The aim of this argument is to render the sheer size and enthusiasm of Obama’s crowds as negatives, and it has a particular potency amongst progressive Democrats and independents. It appeals to the same line of thinking I have heard for many years from progressives who lament the news media for treating elections like sporting events. They assert that covering elections as sporting events encourages the electorate to act like sports fans and react as such when their candidate wins or loses and not like the responsible citizens they should be.

Many would argue that the worlds of sport and politics are mutually exclusive and should remain so. They argue that emotion or enthusiastic fervor has no place in a sphere that was designed to be conducted through rational debate.

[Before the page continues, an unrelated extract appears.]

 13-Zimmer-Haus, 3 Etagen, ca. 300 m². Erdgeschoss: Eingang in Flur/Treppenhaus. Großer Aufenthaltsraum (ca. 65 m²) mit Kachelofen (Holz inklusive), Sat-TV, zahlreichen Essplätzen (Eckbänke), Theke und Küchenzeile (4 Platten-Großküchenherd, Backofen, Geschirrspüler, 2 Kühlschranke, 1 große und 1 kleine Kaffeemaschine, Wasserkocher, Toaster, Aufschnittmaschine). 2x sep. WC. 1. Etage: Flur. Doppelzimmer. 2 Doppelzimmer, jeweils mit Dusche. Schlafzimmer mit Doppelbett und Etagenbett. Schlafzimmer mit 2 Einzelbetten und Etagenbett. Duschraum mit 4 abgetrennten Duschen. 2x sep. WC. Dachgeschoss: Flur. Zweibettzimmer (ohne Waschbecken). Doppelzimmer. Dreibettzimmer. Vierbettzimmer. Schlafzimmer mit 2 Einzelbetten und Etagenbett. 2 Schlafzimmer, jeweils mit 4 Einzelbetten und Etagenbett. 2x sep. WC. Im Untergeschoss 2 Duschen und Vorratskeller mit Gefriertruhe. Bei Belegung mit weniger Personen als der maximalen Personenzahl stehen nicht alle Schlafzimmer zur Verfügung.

True, debate should be undertaken rationally; legislative and executive decisions should be approached with critical thinking but that is not to say that emotional reactions to those decisions aren’t valid. Quite the contrary in fact. I would argue that we wouldn’t be human in the truest sense unless we didn’t react to decisions like going to war or cutting social programs with some modicum of emotion. In this sense then, isn’t our emotional reaction to political outcomes more justified than sporting ones?

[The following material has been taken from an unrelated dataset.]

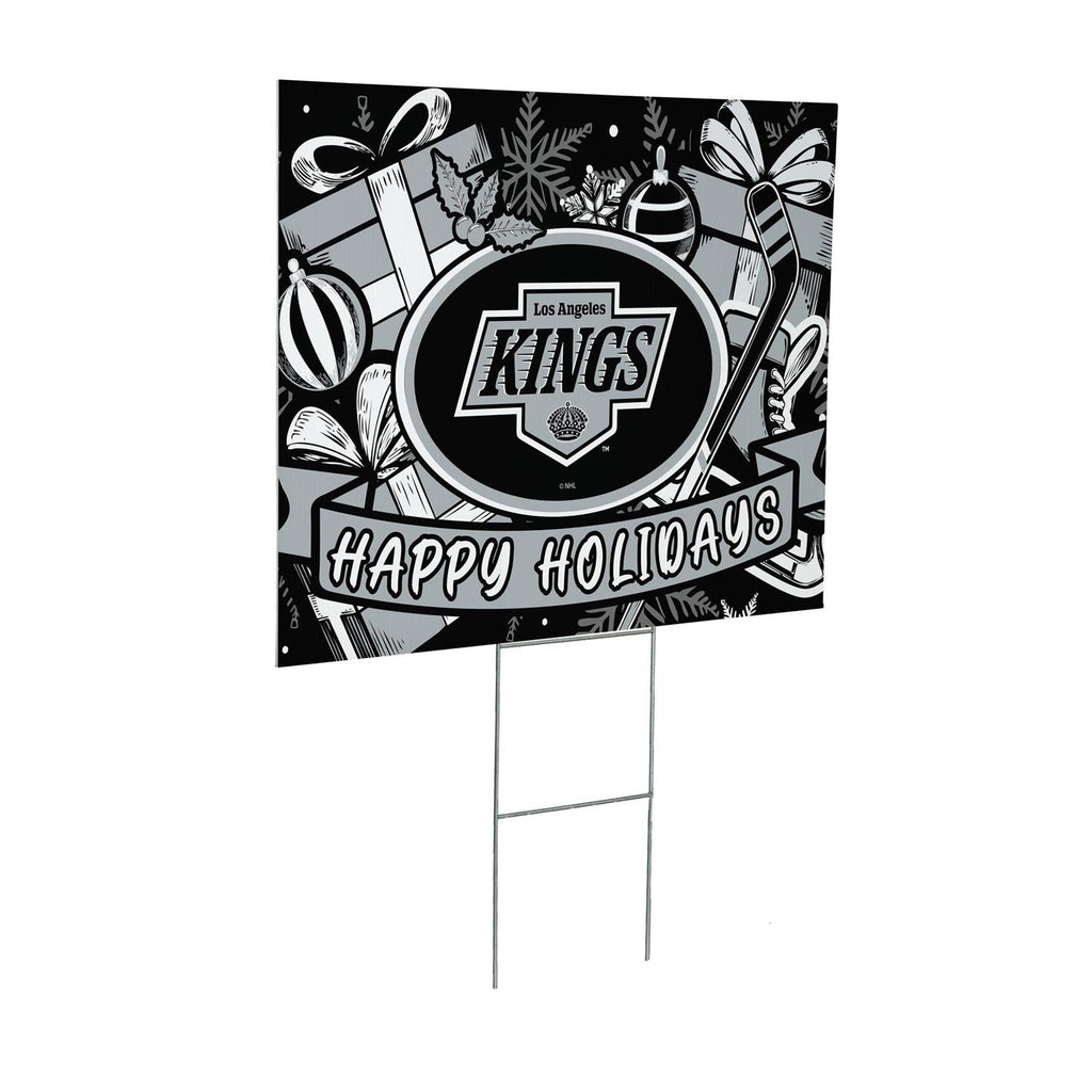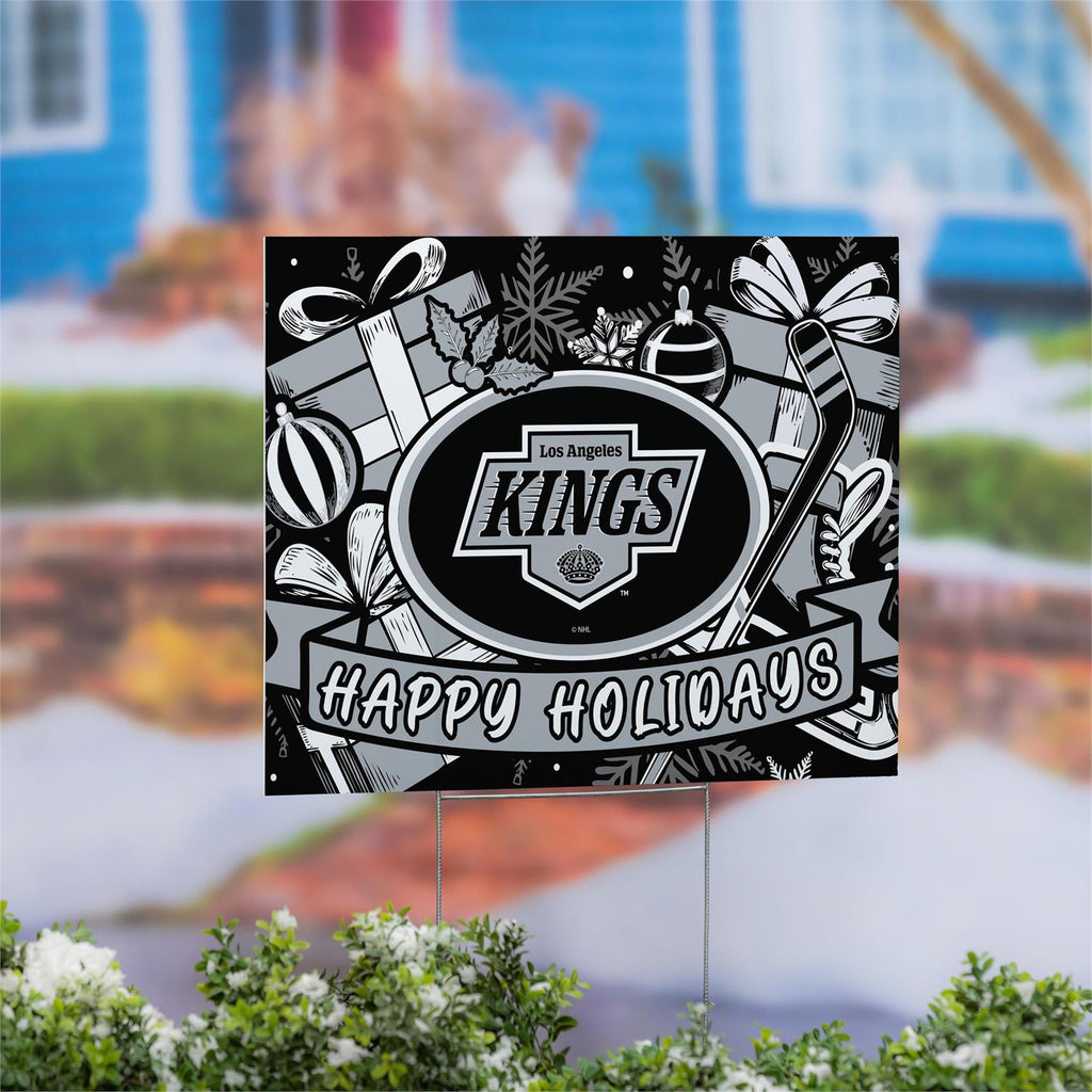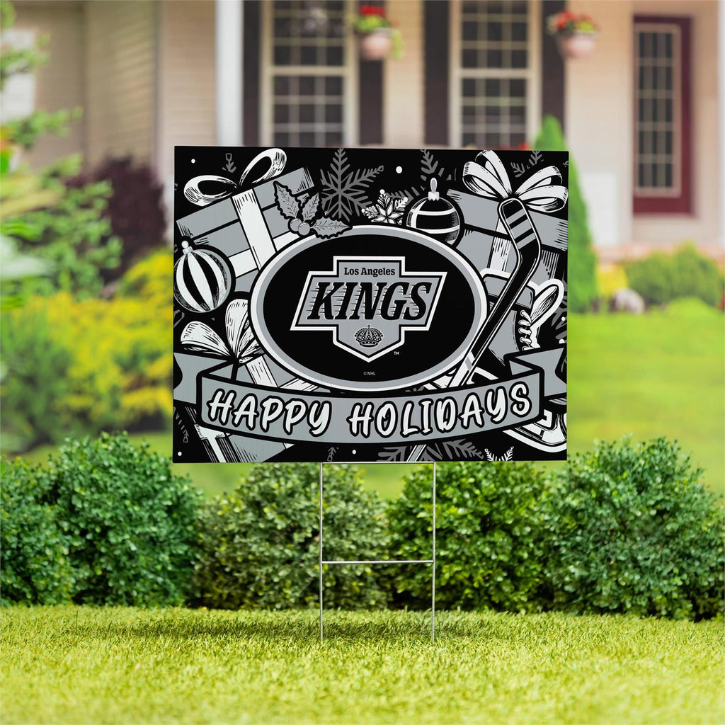 Celebrate the holiday season with a touch of team spirit using this Los Angeles Kings Yard Sign. Perfect for the garden or front yard, this festive sign features a holiday-themed design complete with ornaments and gifts, along with the iconic Los Angeles Kings logo. Measuring 24 inches in length and 18 inches in width, it's an ideal size to make a statement without overwhelming your outdoor space. The sign is crafted for durability and easy installation, making it a hassle-free way to show off your team pride during the festive season.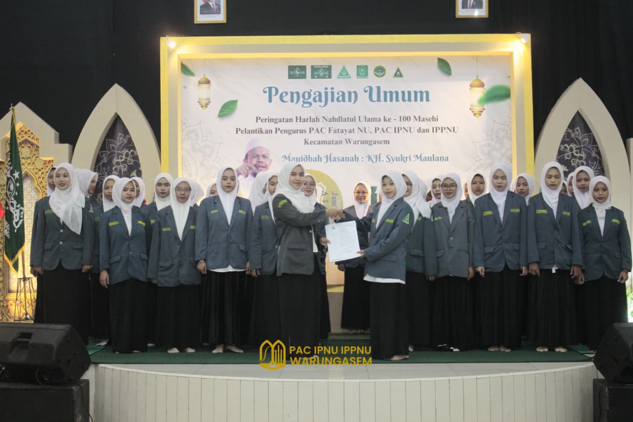 Pimpinan Anak Cabang (PAC) Fatayat NU, IPNU, dan IPPNU Kecamatan Warungasem resmi dilantik dalam satu rangkaian kegiatan peringatan Hari Lahir (Harlah) Nahdlatul Ulama (NU) ke-100 tahun Masehi. Pelantikan tersebut digelar di Gedung MWC NU Warungasem, Kamis (15/1/2026).

There is also a glaring omission in the ‘cult of personality’ argument. It is crucial to acknowledge that the ‘race’ to the presidency is one inherently focussed on an individual and as such the derision or celebration of that one person is inescapable. As a matter of fact, for much of the American electorate the presidential election is only about the individual, irrespective of which party they represent. This is the nature of executive office, it is the individual who is running the store and under scrutiny and not the party. It should therefore be expected that supporters of popular candidates will react to their candidate with occasional zeal. A presidential election only allows room enough for a single person to best represent one’s political principles.

If we are to accept these two arguments as givens we should then also accept that if much of the electorate believe the nation to be in dire straits and in urgent need of change their enthusiastic behavior for a presidential candidate, who they feel can deliver them from that situation, is a rational reaction i.e. the degree to which a person emotionally reacts to politics is dependent on the degree of urgency they feel.

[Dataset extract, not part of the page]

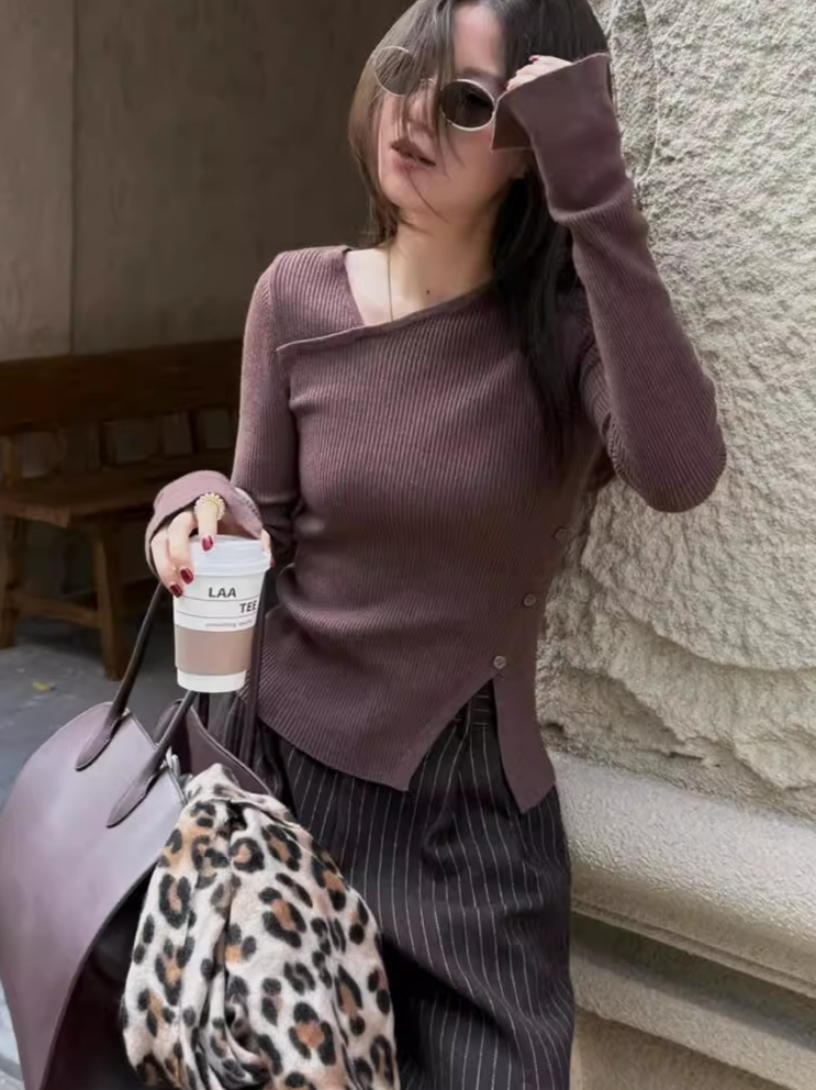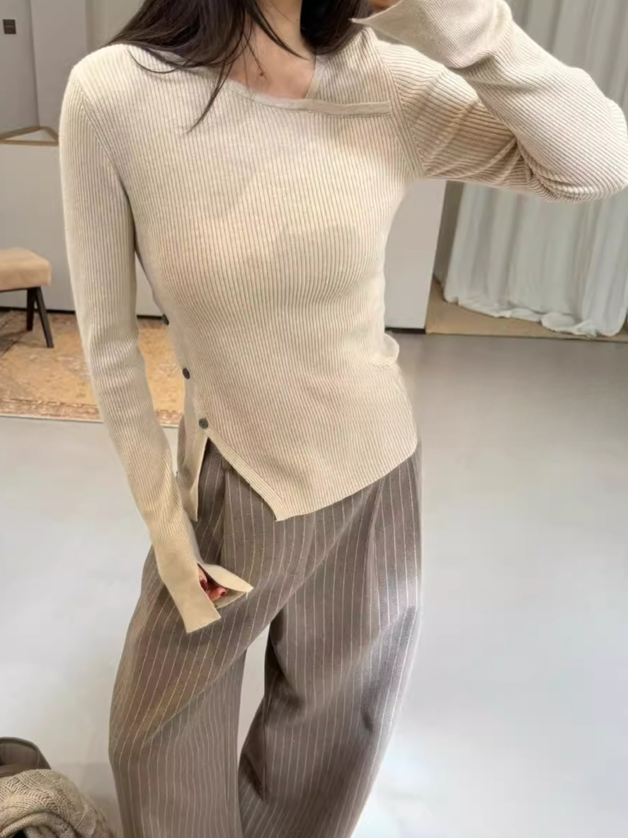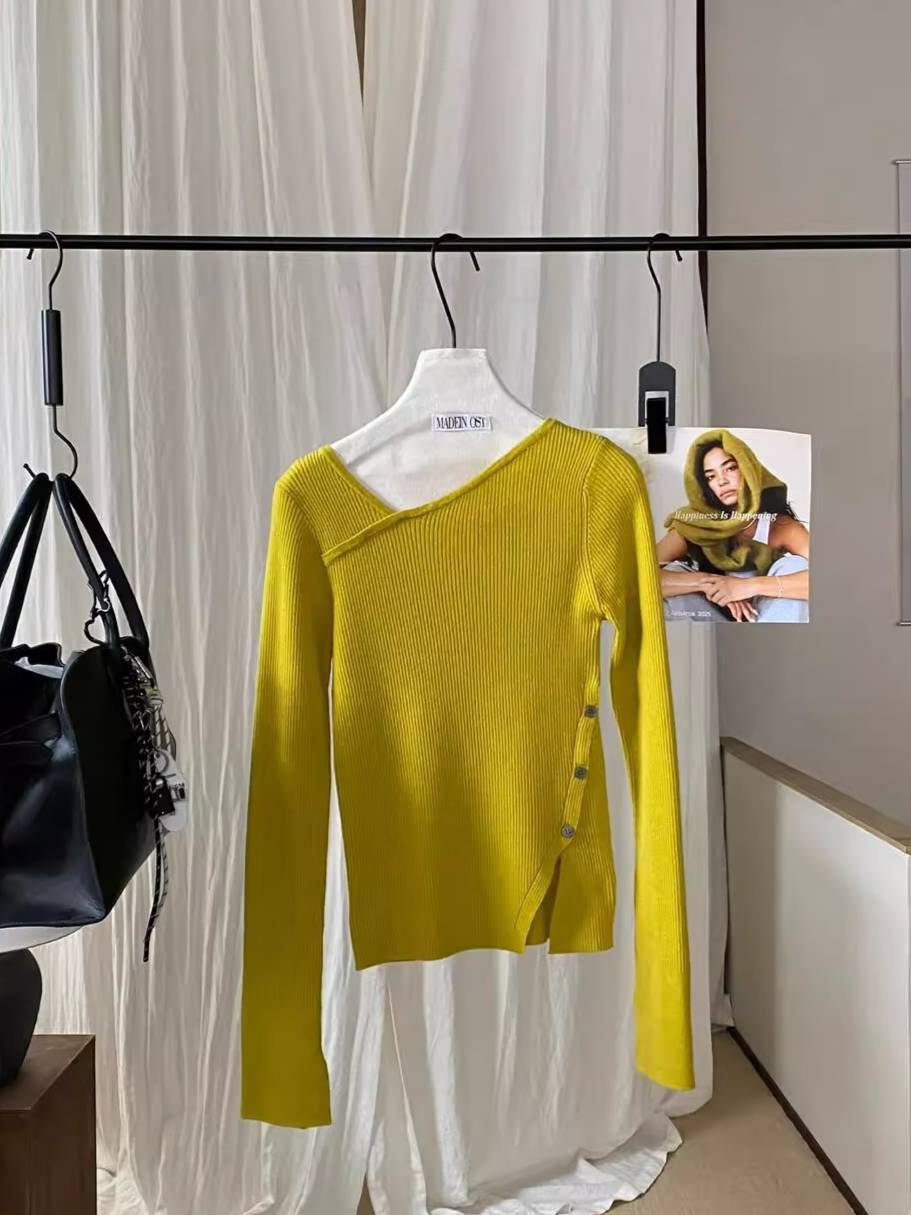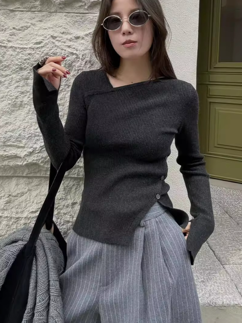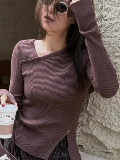 大胆なアシメトリーデザインが目を惹くリブニットトップス。程よくフィットするシルエットがボディラインを美しく引き立て、女性らしさと抜け感を絶妙に演出してくれます。シンプルながら構築的なディテールで、1枚で主役になる存在感。デニムと合わせてカジュアルに、スラックスでモードに振っても様になる、スタイリング自在のアイテムです。季節の変わり目にも重宝する一着。

The cult of personality is applied much in the same vein as Newt Gingrich’s and Frank Luntz’s renaming of the inheritance tax as the ‘death tax’. It is sophistry at its best, designed to characterize Obama as a smooth-talker with no substance. This simply isn’t true (as I have detailed in earlier blogs), and what’s more, not fair, but when did that ever enter into the lexicon of politics.

~ by oddlyamerican on February 18, 2008.